Goldman Sachs reiterated its anchor on Meta's management's public statements: the release of foundational models and the implementation of AI strategic pillars (such as computing power deployment, agent products, etc.) will primarily occur in the second half of 2026 through 2027, with the first batch of models being just the beginning, and will undergo continuous iteration and evolution over several years.
The firm believes that measuring the progress pace of Meta's Superintelligence Lab based on its founding time and applying market expectations for OpenAI and Anthropic inherently creates a benchmark deviation.

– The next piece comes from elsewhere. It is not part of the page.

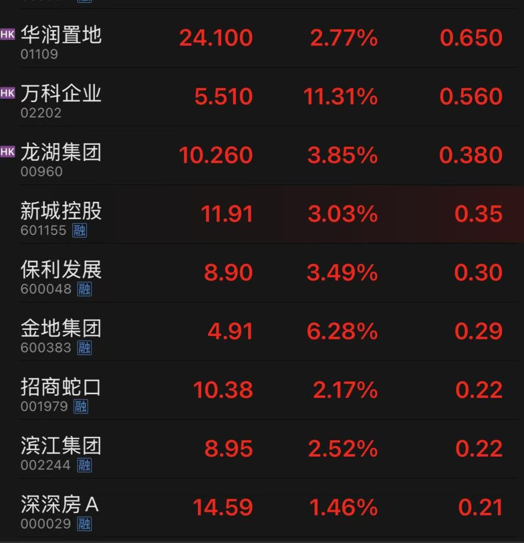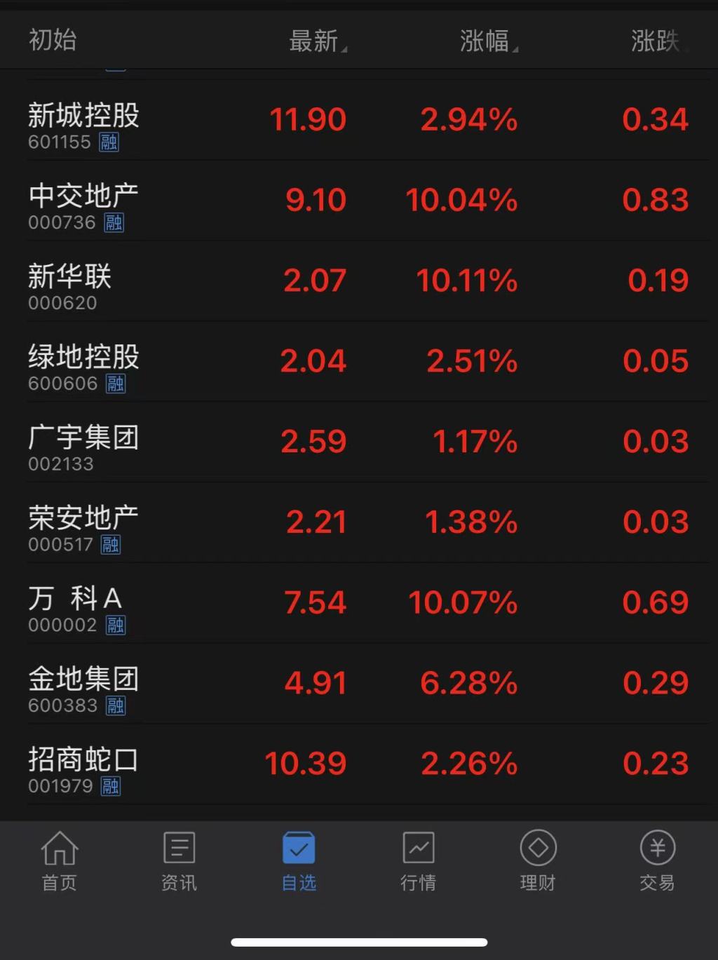 从A股来看,截至发稿时,万科A(000002.SZ)涨停,报7.54元/股;中交地产(000736.SZ)报9.1元/股,涨停10.04%;新华联(000620.SZ)报2.07元/股,报10.11%。

Three Scenario Calculations: Different Paths to Unlocking EPS Elasticity
In its report, Goldman Sachs constructed three "blue-sky scenarios" to quantify the potential impact of different cost optimization paths on profitability, explicitly stating that these are not baseline forecasts and actual results are subject to multiple variable influences.
Scenario One (adjusting personnel scale and per capita costs) shows the most significant boost, with a potential EPS increase of over 10% in 2026 and exceeding 20% in 2027-2028.
Scenario Two (cutting Reality Labs expenses) offers relatively limited elasticity, with EPS boosts for the three years falling within the low to mid-single-digit percentage range.
Scenario Three (zero growth in non-D&A operating expenses over the next three years) has the largest theoretical elasticity, potentially leading to an EPS boost of over 30% in 2026 and an upward space of approximately 40% to 50% in 2027-2028. However, Goldman Sachs classifies this as the least probable scenario—key constraints include persistent salary inflation for AI and machine learning positions, and continued growth in the company's total employee count over the long term.
Goldman Sachs points out that Meta's existing cost structure possesses ample profit elasticity, and any management initiatives aimed at balancing efficiency and growth investments have the capacity to continuously drive upward revisions in EPS expectations over the coming years, rather than downward pressure.